Merge tag 'rcu.2021.11.01a' of git://git.kernel.org/pub/scm/linux/kernel/git/paulmck/linux-rcu

Pull RCU updates from Paul McKenney:

 - Miscellaneous fixes

 - Torture-test updates for smp_call_function(), most notably improved
   checking of module parameters.

 - Tasks-trace RCU updates that fix a number of rare but important
   race-condition bugs.

 - Other torture-test updates, most notably better checking of module
   parameters. In addition, rcutorture may once again be run on
   CONFIG_PREEMPT_RT kernels.

 - Torture-test scripting updates, most notably specifying the new
   CONFIG_KCSAN_STRICT kconfig option rather than maintaining an
   ever-changing list of individual KCSAN kconfig options.

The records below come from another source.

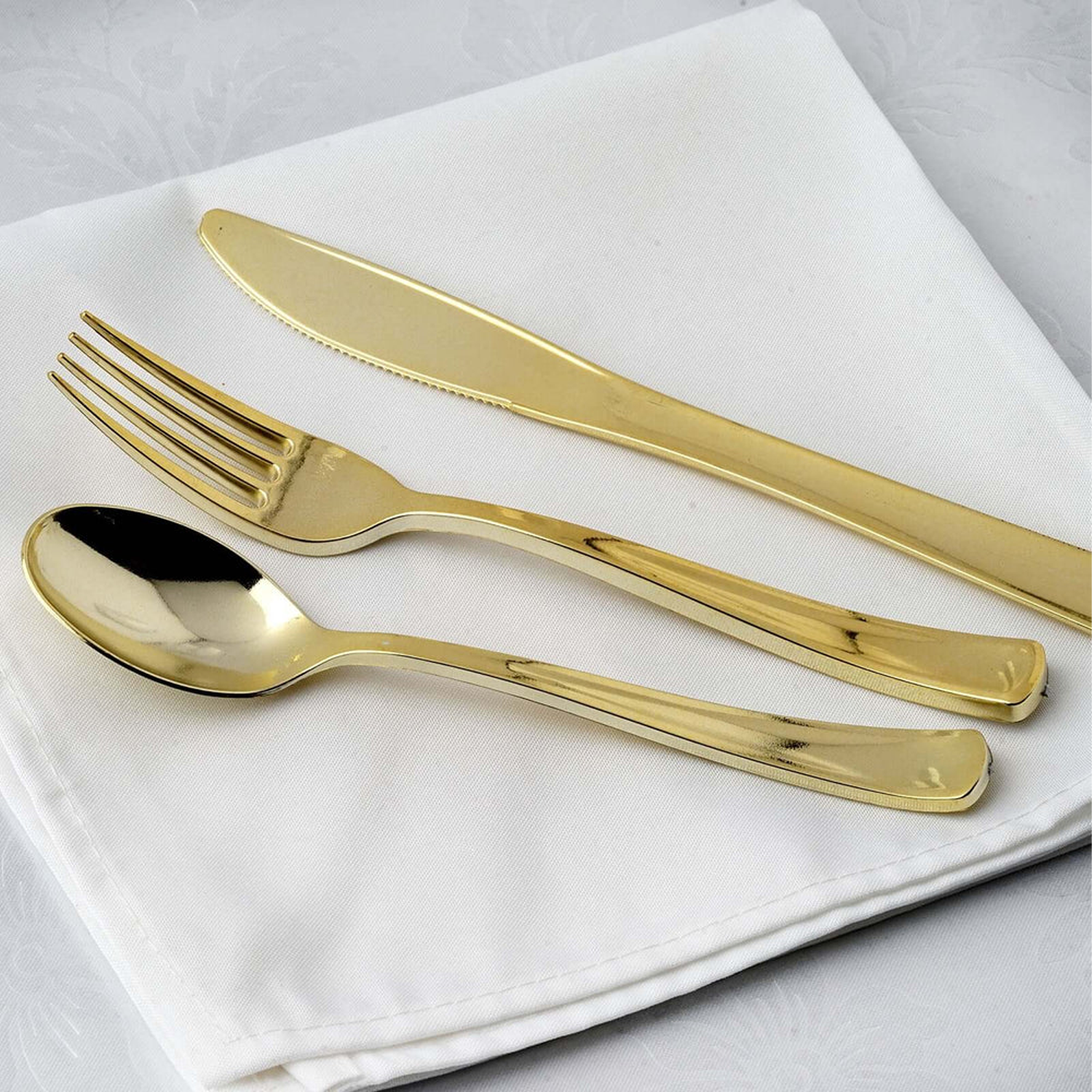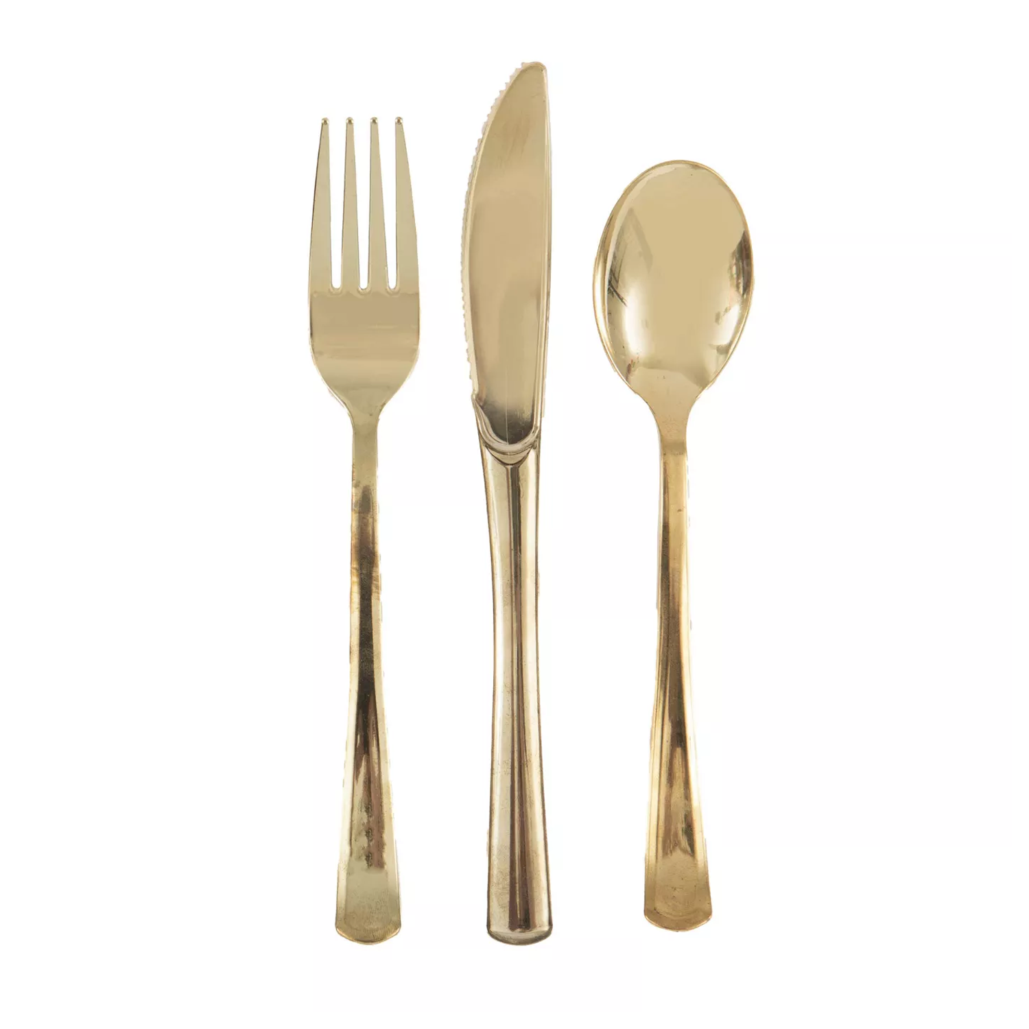 Add a touch of glamour to your next event with the Gold Solid Assorted Plastic Cutlery set (18 ct). Crafted from food-grade, BPA-free polystyrene, each piece features a lustrous metallic gold finish that gleams under any light. This versatile assortment includes forks, knives, and spoons, all designed with ergonomic handles and sturdy construction to handle everything from appetizers through dessert. Lightweight yet durable, these disposable utensils simplify setup and cleanup—perfect for weddings, anniversary parties, corporate galas, and any celebration that calls for a bit of sparkle. Gold Party Decorations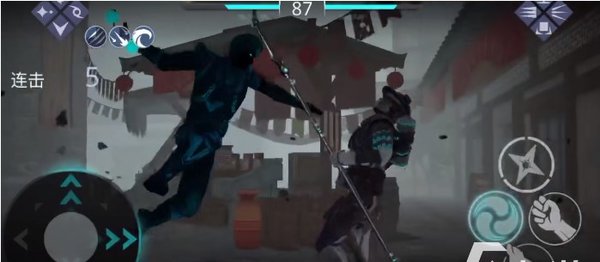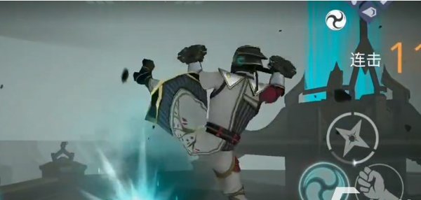 连招二适用于敌人站得较远的时候,使用后,我们的角色会转身踢敌人,然后一个靠肩上去撞击敌人,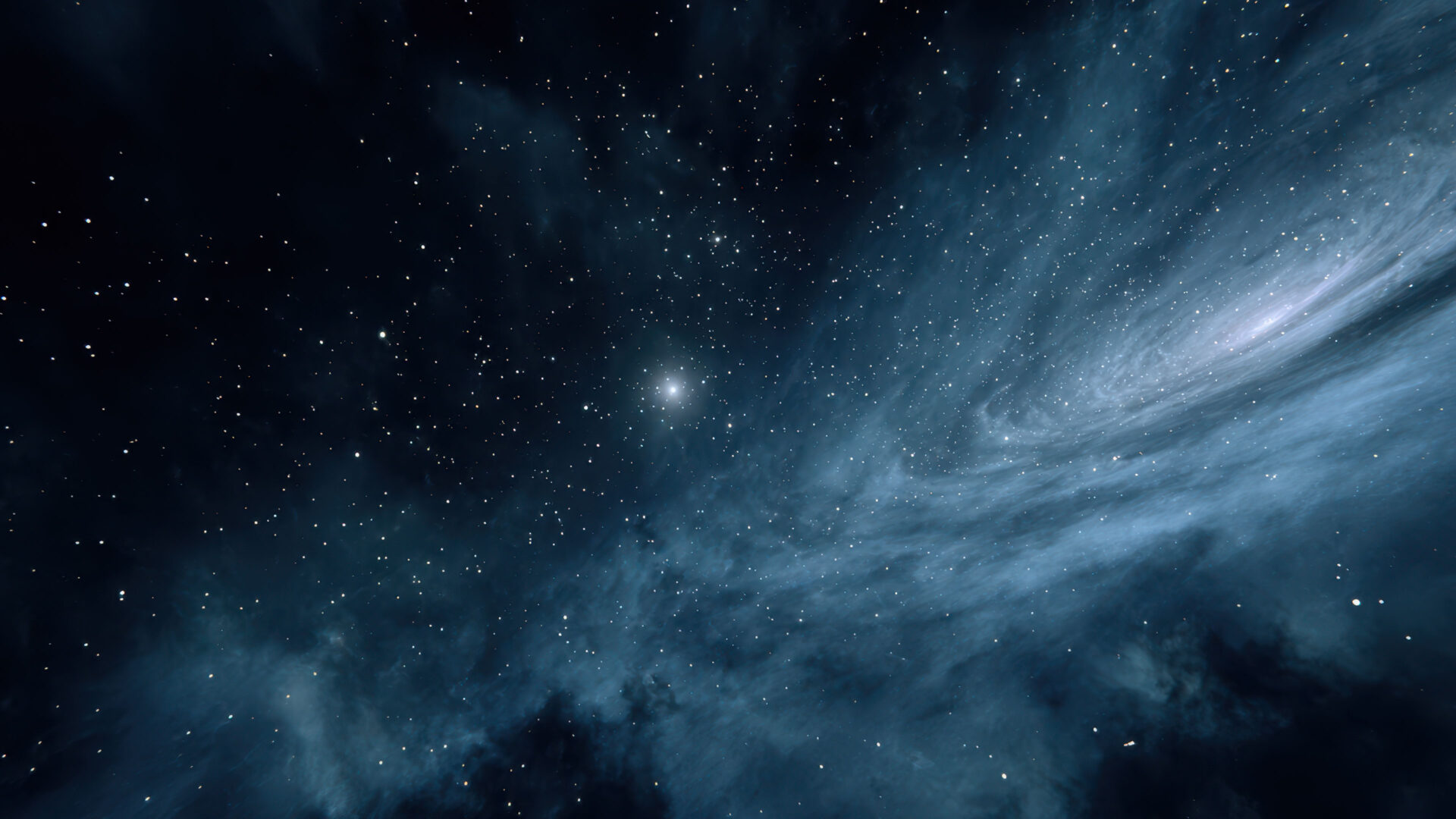 An immersive 4K wallpaper showcases a magnificent blue nebula gently swirling across the vast expanse of deep space. Brilliant distant stars scatter throughout the dark cosmic dust, with a particularly bright star illuminating the ethereal blue gases, evoking a sense of tranquil wonder.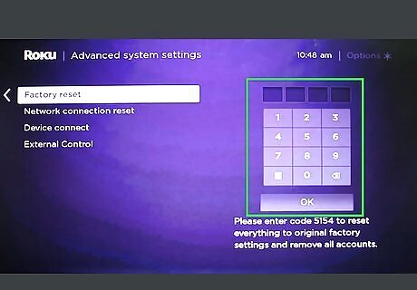 Enter the four digit code and press enter. Your Roku will be reset!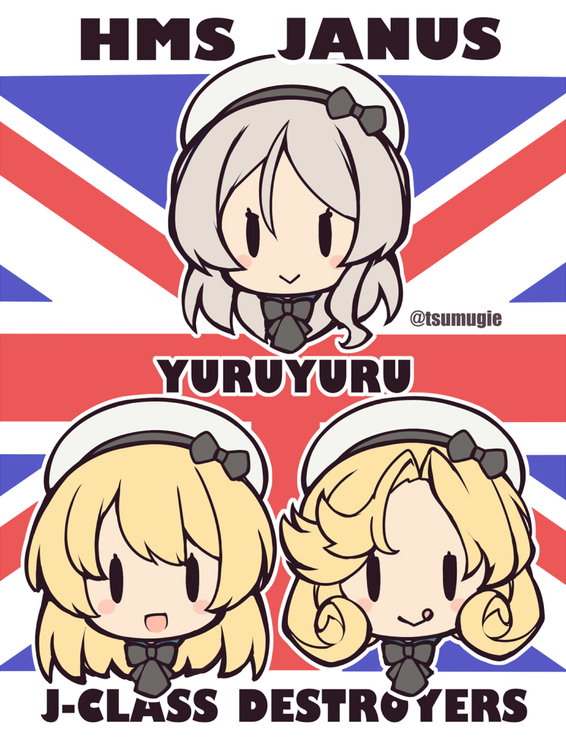 3girls :> :q akikaze_tsumuji blonde_hair blush character_name chibi commentary_request flag_background grey_hair hat head_only janus_(kancolle) javelin_(kancolle) jervis_(kancolle) kantai_collection long_hair multiple_girls open_mouth sailor_collar sailor_hat smile tongue tongue_out twitter_username union_jack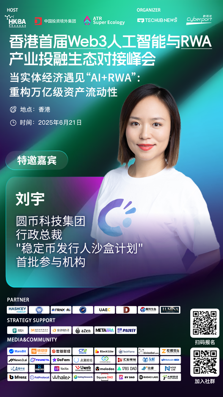 Techub News 消息,圓幣科技集團行政總裁劉宇女士確認出席 2025 年 6 月 21 日在香港舉辦的「香港 Web3 人工智能與 RWA 産業投融資生態對接峰會」。劉宇女士是國際金融科技領域公認的傑出女性領導者,在亞洲、歐洲及北美地區擁有豐富行業經驗,其業務覆蓋企業支付(B2 B)、個人支付(B2 C)、數字錢包及加密貨幣等前沿領域。圓幣科技集團作為香港金管局首批“穩定幣發行人沙盒計劃”首批參與機構,正積極探索穩定幣發行創新,其在金融科技與區塊鏈領域的洞見將為峰會帶來全球視角,助力推動 AI 與現實世界資産(RWA)的創新應用。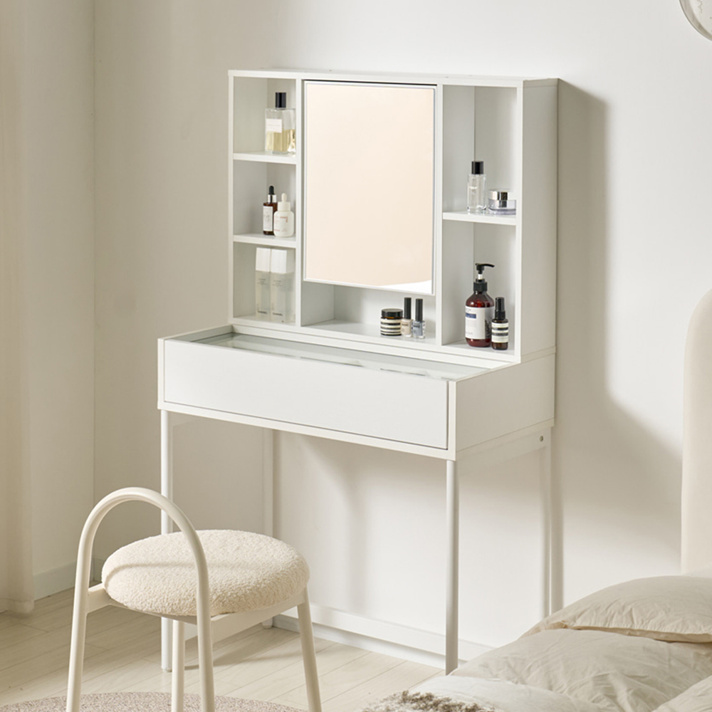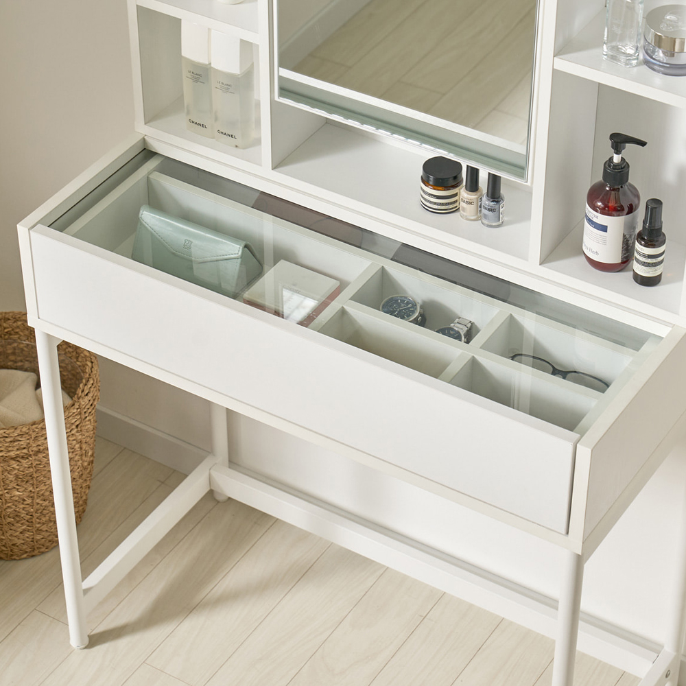 | 품명 | 쥬리 다용도 유리선반 멀티 콘솔 화장대 (2color) |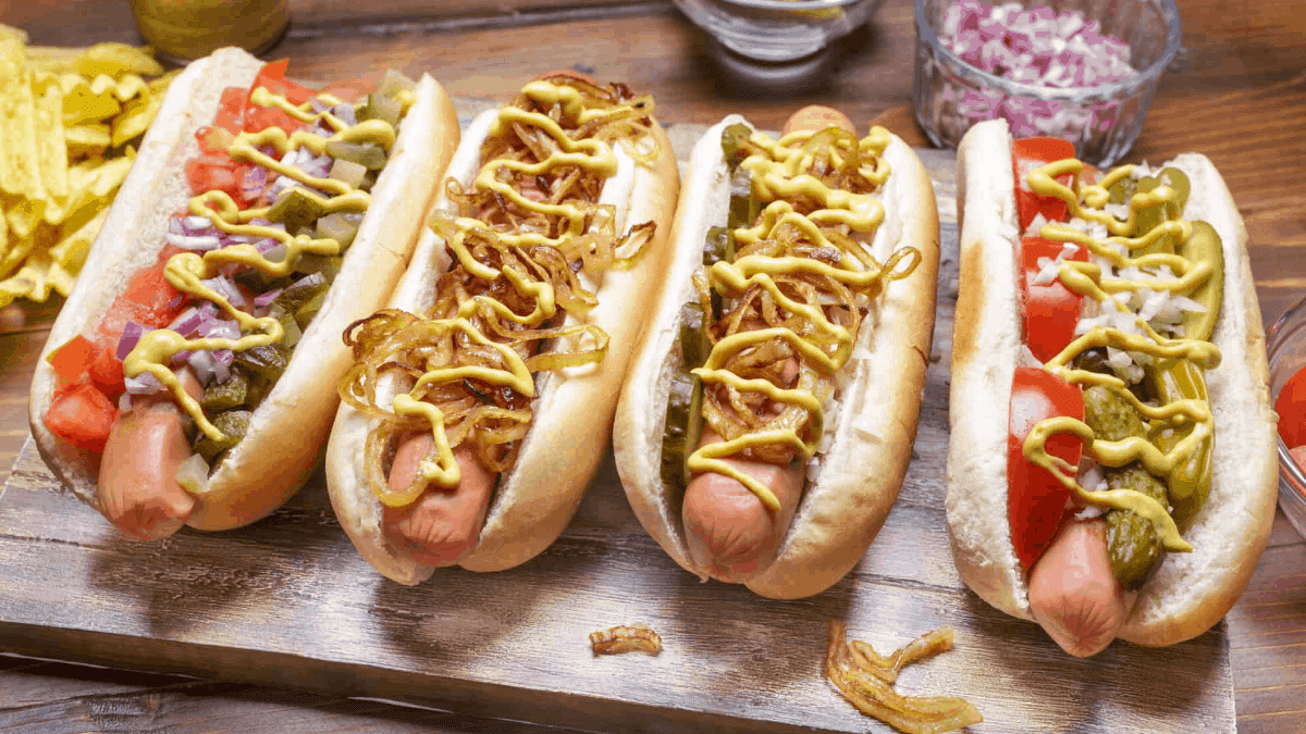 Salchicha americana, pan, cebolla, papá cabello de ángel, salsas, queso.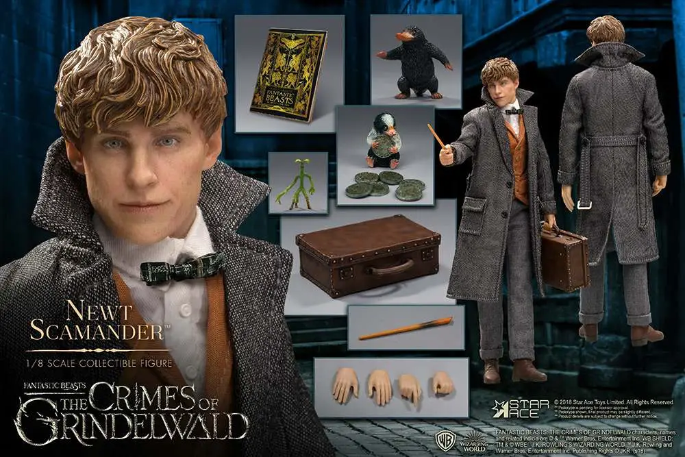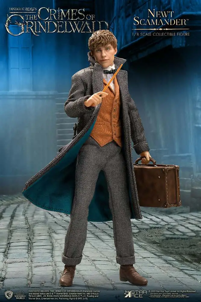 This 1/8th scale figure features an authentic likeness of Newt as portrayed by Eddie Redmayne and features an authentic period costume, his special case, wand, book, bowtruckle, niffler and a baby niffler.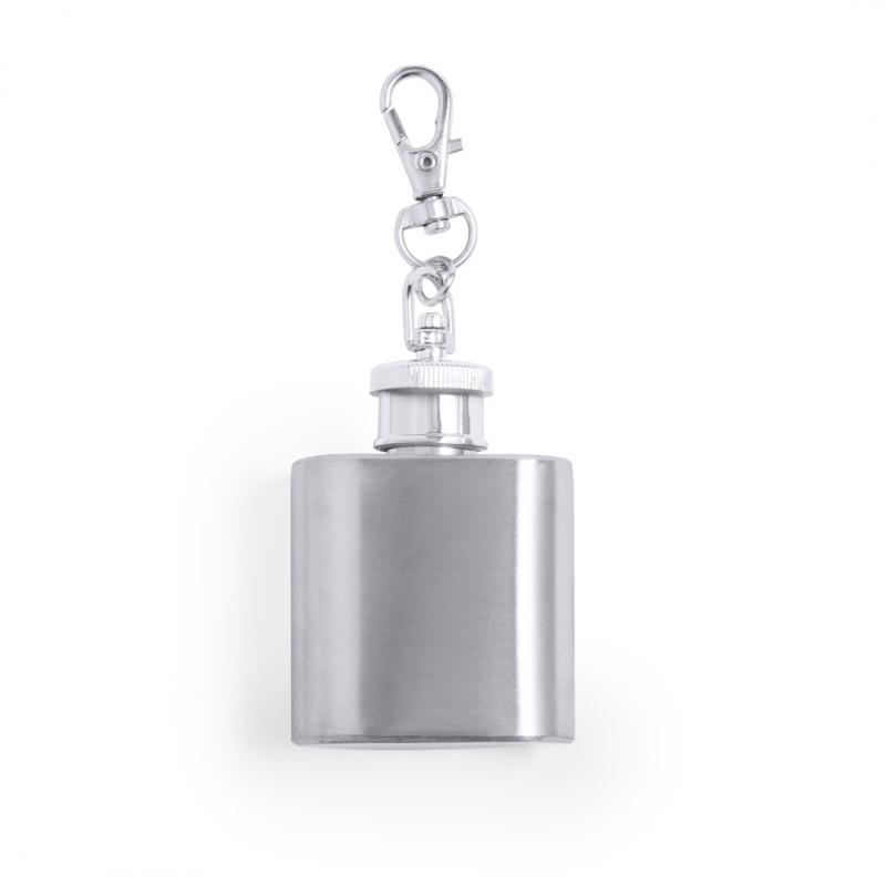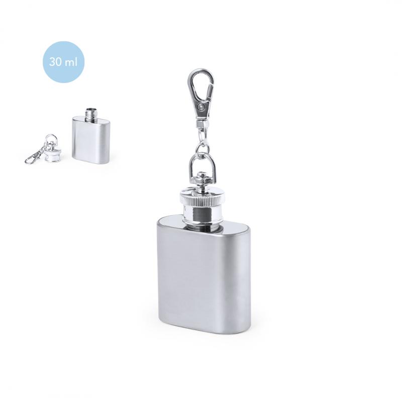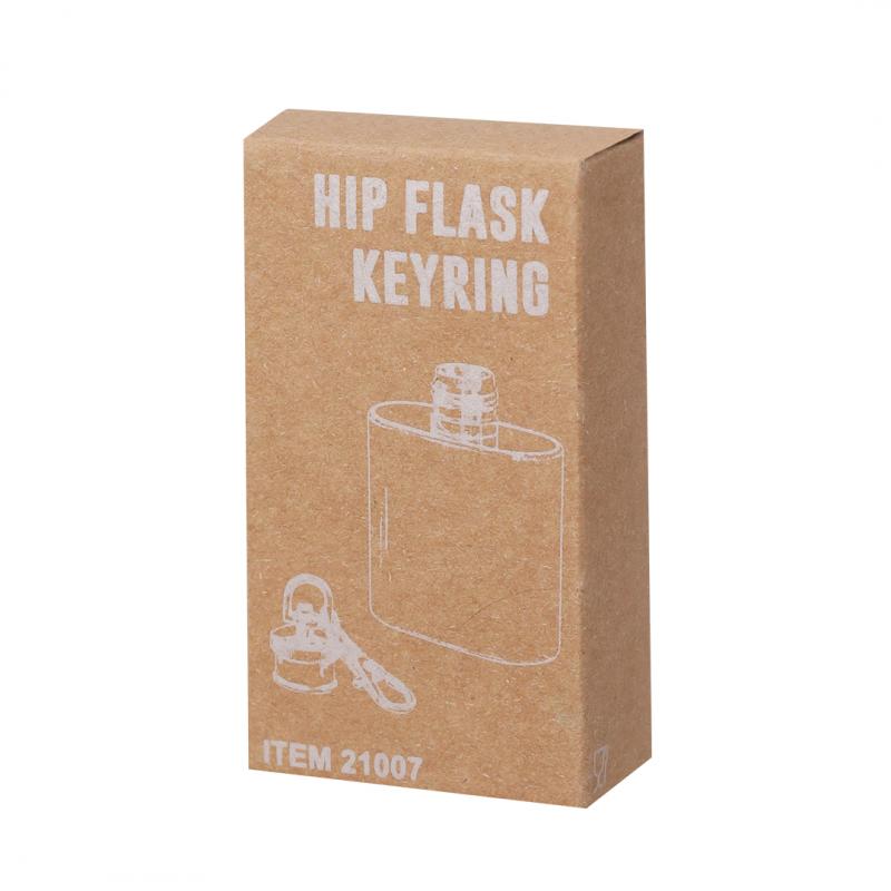 Práctico llavero petaca fabricado en acero inox, de 30 ml de capacidad. Tapón con cierre de seguridad a rosca y mosquetón giratorio. Presentado en caja de diseño kraft.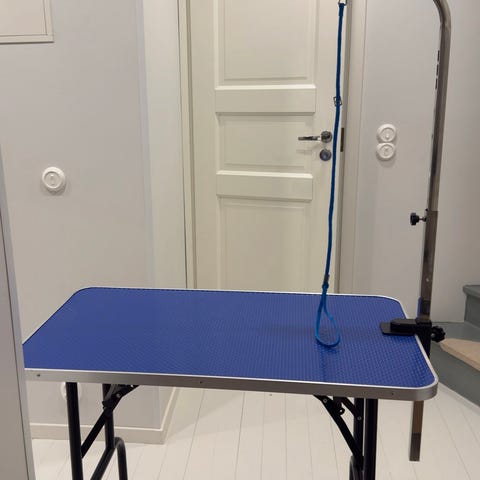 Hyväkuntoinen trimmauspöytä, koko 50x70 cm. Näppärä vetää perässä. Taittuu pieneen tilaan.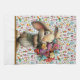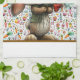 A Cute And Colorful Kitchen Dish Towel For Your Easter Decor Designed With A Bunny Holding A Bouquet of Flowers

* tag 'rcu.2021.11.01a' of git://git.kernel.org/pub/scm/linux/kernel/git/paulmck/linux-rcu: (46 commits)
  rcu: Fix rcu_dynticks_curr_cpu_in_eqs() vs noinstr
  rcu: Always inline rcu_dynticks_task*_{enter,exit}()
  torture: Make kvm-remote.sh print size of downloaded tarball
  torture: Allot 1G of memory for scftorture runs
  tools/rcu: Add an extract-stall script
  scftorture: Warn on individual scf_torture_init() error conditions
  scftorture: Count reschedule IPIs
  scftorture: Account for weight_resched when checking for all zeroes
  scftorture: Shut down if nonsensical arguments given
  scftorture: Allow zero weight to exclude an smp_call_function*() category
  rcu: Avoid unneeded function call in rcu_read_unlock()
  rcu-tasks: Update comments to cond_resched_tasks_rcu_qs()
  rcu-tasks: Fix IPI failure handling in trc_wait_for_one_reader
  rcu-tasks: Fix read-side primitives comment for call_rcu_tasks_trace
  rcu-tasks: Clarify read side section info for rcu_tasks_rude GP primitives
  rcu-tasks: Correct comparisons for CPU numbers in show_stalled_task_trace
  rcu-tasks: Correct firstreport usage in check_all_holdout_tasks_trace
  rcu-tasks: Fix s/rcu_add_holdout/trc_add_holdout/ typo in comment
  rcu-tasks: Move RTGS_WAIT_CBS to beginning of rcu_tasks_kthread() loop
  rcu-tasks: Fix s/instruction/instructions/ typo in comment
  ...
diff --git a/kernel/rcu/tasks.h b/kernel/rcu/tasks.h
index 171bc84..7da3c81 100644
--- a/kernel/rcu/tasks.h
+++ b/kernel/rcu/tasks.h
@@ -197,6 +197,7 @@ static int __noreturn rcu_tasks_kthread(void *arg)
 	 * This loop is terminated by the system going down.  ;-)
 	 */
 	for (;;) {
+		set_tasks_gp_state(rtp, RTGS_WAIT_CBS);
 
 		/* Pick up any new callbacks. */
 		raw_spin_lock_irqsave(&rtp->cbs_lock, flags);
@@ -236,8 +237,6 @@ static int __noreturn rcu_tasks_kthread(void *arg)
 		}
 		/* Paranoid sleep to keep this from entering a tight loop */
 		schedule_timeout_idle(rtp->gp_sleep);
-
-		set_tasks_gp_state(rtp, RTGS_WAIT_CBS);
 	}
 }
 
@@ -369,7 +368,7 @@ static void rcu_tasks_wait_gp(struct rcu_tasks *rtp)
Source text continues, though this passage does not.